= Manheru =

Manheru is one of the largest village in Bhiwani district, Haryana state, India. Manheru shares its boundaries with the Madhumadhvi, Nangal, Dhareru Gauripur, Kasni and Hindol villages. The village has railway stations on the Hissar-Jaipur track broad-gauge line of the North Western Railway.

==Geography==
Manheru is situated about 12 km southwest of the district capital Bhiwani and has an average elevation of about 220 m. Much like the rest of India, the people of Manheru rely on ground water for their basic needs, which falls during the monsoon season. However, the majority of the groundwater is potable. The climate can be classified as tropical steppe, hot semi-arid which is mainly characterized by the extreme dryness of the air except during monsoon months. During the three months of the south west monsoon from last week of June to September, moist oceanic air penetrates the village and causes high humidity, cloudiness and monsoon rainfall.

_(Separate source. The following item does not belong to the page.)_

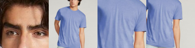 Retail fit Tear-away label Side seamed Shoulder taping Athletic Heather/Black Heather: 4.2-ounce, 90/10 Airlume combed and ring spun cotton/poly, 32 singles Heather CVC/Solid CVC Blend Colors: 52/48 Airlume combed and ring spun cotton/poly Prism: 99/1 Airlume combed and ring spun cotton/poly

The period from October to December constitutes post monsoon season. The cold weather season prevails from January to the beginning of March and is followed by the hot weather or summer season which prevails up to the last week of June.

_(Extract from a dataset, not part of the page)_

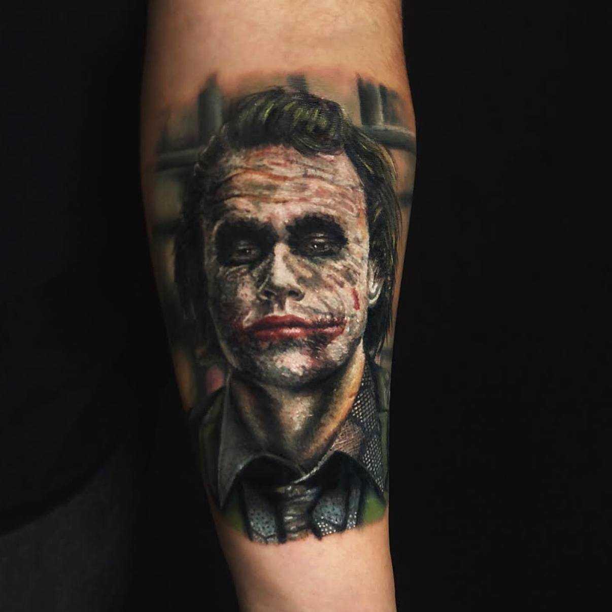 Для таких татуировок используют красивые оттенки, привлекающие внимание. Черно-белый образ — это ночной Джокер, зловеще-мрачный, холодный и расчетливый

Geologically, the area is almost plain and is on the tail of the Aravalli range, the oldest fold mountains in India. The plain area is largely covered with alluvial sand with good fertility for crops. Seismically the area falls in zone-3 creating low damage risk from earthquakes.

The village is primarily residential and has 10000-12000 residents.

==History==
The village has played an active role in politics and in the army, navy and air force of India as well as carved a niche in political history as the birthplace of Banarsi Das Gupta (Ex-Chief Minister of Haryana). He was a renowned freedom Fighter and went to jail many times during the British Raj.

==Government==
The Village has many government edifices for the facilities of peoples, like hospital for mankind and for cattle too, banks and water works for smooth water supply. The village has consecrated temples like Devi Mandir, Dudha Dhari Mandir, Shyam Baba Mandir, Baba Baniwala Mandir and The Bala Ji Mandir, this too is popular nearby areas.